Harris holds up a well-manicured hand, cutting me off. “Précis it, lad,” he say – tug, tug, tugging as though his life depends on it.
“Pray see, what?” I ask, looking around. “I can’t see anything.”
“Not pray see, you dimwit. Précis. Précis. It’s mid eighteenth century French. It means summarise it, you idiot – give me the short story. I just want to know how we’ve ended up here. In as few words as possible.”

I glance down at the corpse by my feet. By now, it’s turning a worrying shade of blue. Well, it would be a worrying colour if Charles Bucks – or Chuck Bucks, as he was more commonly known – was still alive, but since he’s quite clearly dead, his unhealthy pallor probably isn’t concerning him too much.

“I asked you and Rob to keep an eye on him,” Harris says, “Not kill him. A missing arm or a broken leg I could work with – but this.” Here, Harris gestures dismissively towards the ex-human, undearly-departed Chuck. “It has most definitely gone past the point of no return,”
“Er, yes, I can see that,” I rally, poking Chuck gently with the point of my trainer. Unsurprisingly, he fails to respond.
“So the big question is, what are you going to do about it?”
“Me?”
“Yes, you. You were, after all, the one who killed him.”

I grimace inwardly. This isn’t exactly true, but since Harris is declining to let me elaborate, I have to concede that, to all intents and purposes, it does indeed look as though I was solely responsible for Chuck’s demise.

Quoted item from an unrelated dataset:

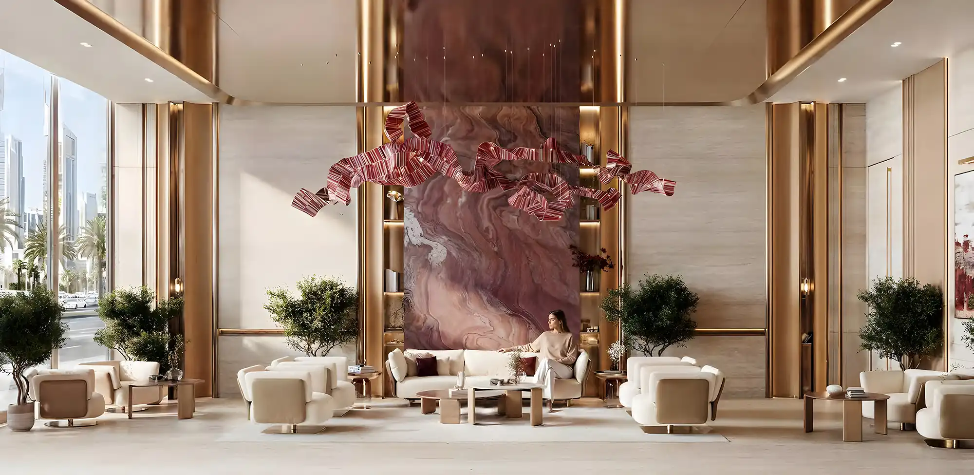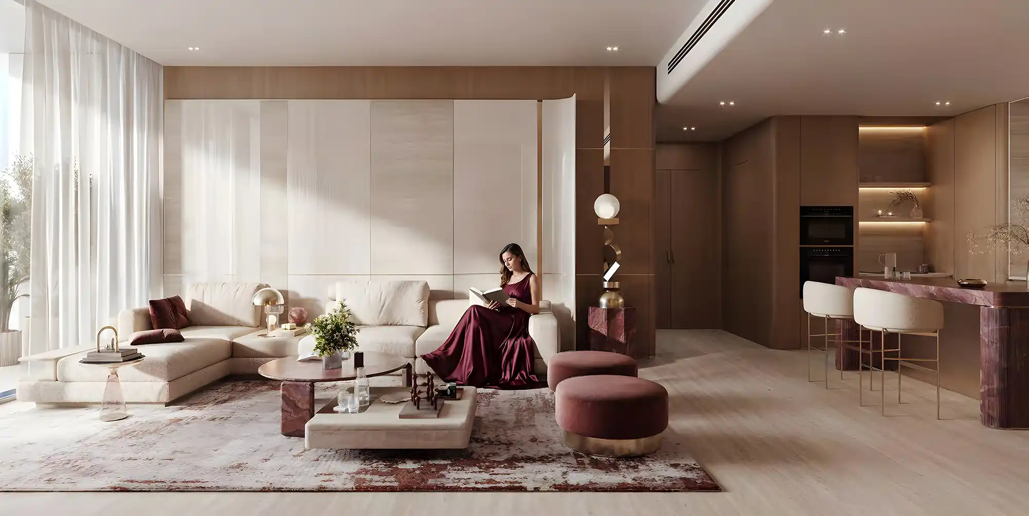 Designul interior al proprietăților la Binghatti Etherea utilizează tonuri neutre și calde. Pardoselile vor fi realizate din plăci de mari dimensiuni cu aspect de piatră naturală, iar pereții vor avea finisaje simple, dar de calitate, cu posibilitatea utilizării unor panouri decorative cu aspect de lemn sau travertin. Dulapurile încorporate pe întreaga înălțime a pereților ajută la utilizarea eficientă a spațiului. Un element important al conceptului este integrarea bucătăriei și a livingului într-un spațiu unic. Bucătăriile sunt prevăzute cu insulă sau peninsulă, blaturi din piatră, fronturi elegante și electrocasnice încorporate. Iluminatul este atent planificat pentru a face zona de lucru confortabilă și funcțională.

You see, Thursday night was actually quite important. It was, for Chuck, Day 1 of his incarceration in my basement. I was ‘putting him up’, shall we say, on behalf of Harris who has a wife and three kids – any one of whom might have noticed Chuck being bundled, blindfolded and gagged, into their home. I could see it now – Harris, fag dangling partway out of his mouth as he and Rob struggled to manoeuvre the weighty lumpiness of Chuck past the TV room. “Don’t mind me kids, you carry on with Spongebob Squarepants. I’m just going to pop Uncle Chuck into the basement, alongside my 1961 Chateau Palmer Margaux.” No, it was never going to happen. So it fell to muggings here to contain him.

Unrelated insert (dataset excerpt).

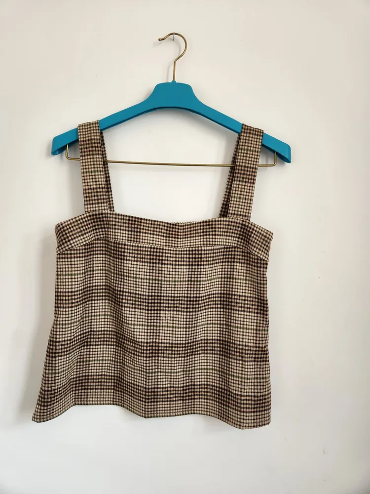 Cropped em tecido encorpado com padronagem houndstooth (pied-de-poule) nos tons marrom, caramelo e preto, com alças largas e decote reto. Excelente Estado

It had started off brilliantly. Well, as brilliantly as any case of kidnapping can. Chuck was a perfect houseguest – at least for the first six hours of his incarceration, during which time he chose to remain comatose, while chained to an upright strut.

When he finally came to, at around 6.34pm, I’d ripped off the gag and left him alone to consume a Marmite sandwich and a glass of water. He’d complained bitterly that he hated Marmite – it was a 50/50 chance I’d taken, I told him – given that half the population seemed to love it. But, beggars can’t be choosers, and Chuck was most certainly in the begging rather than choosing camp at that point in his life.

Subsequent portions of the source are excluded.